3 Optimizing the Full Likelihood
Section 1.2.4 introduced the Potts model for contact prediction that is able to distinguish between directly and indirectly coupled residue pairs by jointly modelling the probabilty of a protein sequence over all residues. Maximum-likelihood inference of the model parameters is numerically challenging due to the exponential complexity of the partition function that normalizes the probability distribution. Several approximate inference techniques for the full likelihood have been developed trying to sidestep the exact computation of the partition function. At this point in time, pseudo-likelihood is the most successful approximate solution with regard to predicting residue-residue contacts (see section 1.2.4.5). It has been shown that the pseudo-likelihood is a consistent estimator to the full likelihood in the limit of large amounts of data. However, it is unclear whether it represents a good approximation when there is only little data, in other words for small protein families that are the most interesting targets for contact prediction (see Figure 1.11).

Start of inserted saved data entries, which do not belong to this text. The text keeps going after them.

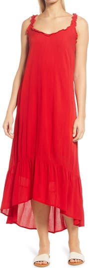 Ruffles trace every edge on this sleeveless maxi in a crinkle-textured weave with a flounced high-low hem.
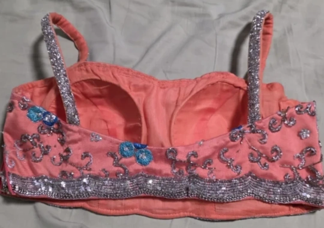 Beautiful peach saree with intricate embroidery and beadwork. Comes with a matching embroidered blouse. Perfect for weddings and parties (Brand New)
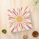 Abstract retro style sunshine illustration with pink, brown, orange, purple, and yellow sun rays decoration on pastel pink background for summer lovers.
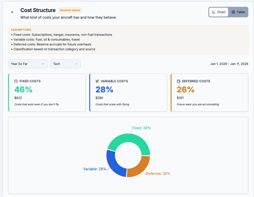 Cost Structure breaks ownership costs into meaningful categories, typically separating fixed commitments from variable, activity-driven expenses. This makes it easier to understand which costs scale with flying more, and which exist simply because the airplane exists.
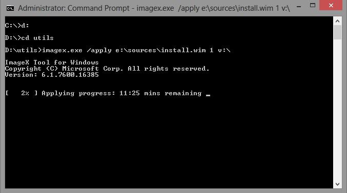 imagex.exe /apply e:\sources\install.wim 1 v:\

While the partition function of the full likelihood cannot be efficiently computed, it is possible to approximate the gradient of the full likelihood with an approach called contrastive divergence that makes use of MCMC sampling techniques [192]. This section elaborates on how contrastive divergence can be used to optimize the full likelihood with gradient descent techniques. Furthermore, two aspects of the underlying Potts model, namely gap treatment and the choice of regularization, have been refined which is explained in detail in methods section 3.7.1.
References
192. Hinton, G.E. (2002). Training Products of Experts by Minimizing Contrastive Divergence. Neural Comput. 14, 1771–1800., doi: doi:10.1162/ 089976602760128018.